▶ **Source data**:
>>>>>
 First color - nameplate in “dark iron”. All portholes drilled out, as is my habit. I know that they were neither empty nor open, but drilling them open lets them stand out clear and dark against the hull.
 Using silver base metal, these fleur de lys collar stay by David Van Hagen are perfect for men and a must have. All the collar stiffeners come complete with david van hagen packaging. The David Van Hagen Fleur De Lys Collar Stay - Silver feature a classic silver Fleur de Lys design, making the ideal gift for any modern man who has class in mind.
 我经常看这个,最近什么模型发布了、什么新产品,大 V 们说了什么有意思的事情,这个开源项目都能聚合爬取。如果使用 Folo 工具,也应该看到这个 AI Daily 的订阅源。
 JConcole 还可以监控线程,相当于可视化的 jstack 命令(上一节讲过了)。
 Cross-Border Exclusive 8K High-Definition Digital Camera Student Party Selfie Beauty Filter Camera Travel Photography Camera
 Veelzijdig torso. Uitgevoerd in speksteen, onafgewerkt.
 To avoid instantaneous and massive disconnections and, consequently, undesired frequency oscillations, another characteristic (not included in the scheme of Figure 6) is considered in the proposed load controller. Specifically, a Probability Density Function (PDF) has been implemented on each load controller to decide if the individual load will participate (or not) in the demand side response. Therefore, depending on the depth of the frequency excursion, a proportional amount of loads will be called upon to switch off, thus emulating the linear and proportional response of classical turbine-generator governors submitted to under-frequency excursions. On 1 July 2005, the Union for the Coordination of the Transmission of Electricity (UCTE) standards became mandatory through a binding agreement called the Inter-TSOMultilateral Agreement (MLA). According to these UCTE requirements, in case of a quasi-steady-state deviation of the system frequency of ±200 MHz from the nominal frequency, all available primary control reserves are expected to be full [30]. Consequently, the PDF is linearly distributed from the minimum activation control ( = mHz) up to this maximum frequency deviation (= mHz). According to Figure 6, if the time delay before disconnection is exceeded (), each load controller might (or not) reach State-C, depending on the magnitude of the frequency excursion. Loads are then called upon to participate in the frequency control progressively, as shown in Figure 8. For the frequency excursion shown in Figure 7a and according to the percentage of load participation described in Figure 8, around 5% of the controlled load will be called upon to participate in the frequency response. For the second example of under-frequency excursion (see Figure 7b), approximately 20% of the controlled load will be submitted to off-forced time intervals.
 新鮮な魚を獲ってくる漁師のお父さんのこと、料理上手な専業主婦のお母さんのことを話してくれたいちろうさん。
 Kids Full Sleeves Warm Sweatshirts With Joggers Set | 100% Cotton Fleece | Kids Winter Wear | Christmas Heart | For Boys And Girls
<<<<<
When you reach the line that contains "Veelzijdig torso. Uitgevoerd", stop; that line and every line before it, from the very first line of the data, should be restated word for word.

 First color - nameplate in “dark iron”. All portholes drilled out, as is my habit. I know that they were neither empty nor open, but drilling them open lets them stand out clear and dark against the hull.
 Using silver base metal, these fleur de lys collar stay by David Van Hagen are perfect for men and a must have. All the collar stiffeners come complete with david van hagen packaging. The David Van Hagen Fleur De Lys Collar Stay - Silver feature a classic silver Fleur de Lys design, making the ideal gift for any modern man who has class in mind.
 我经常看这个,最近什么模型发布了、什么新产品,大 V 们说了什么有意思的事情,这个开源项目都能聚合爬取。如果使用 Folo 工具,也应该看到这个 AI Daily 的订阅源。
 JConcole 还可以监控线程,相当于可视化的 jstack 命令(上一节讲过了)。
 Cross-Border Exclusive 8K High-Definition Digital Camera Student Party Selfie Beauty Filter Camera Travel Photography Camera
 Veelzijdig torso. Uitgevoerd in speksteen, onafgewerkt.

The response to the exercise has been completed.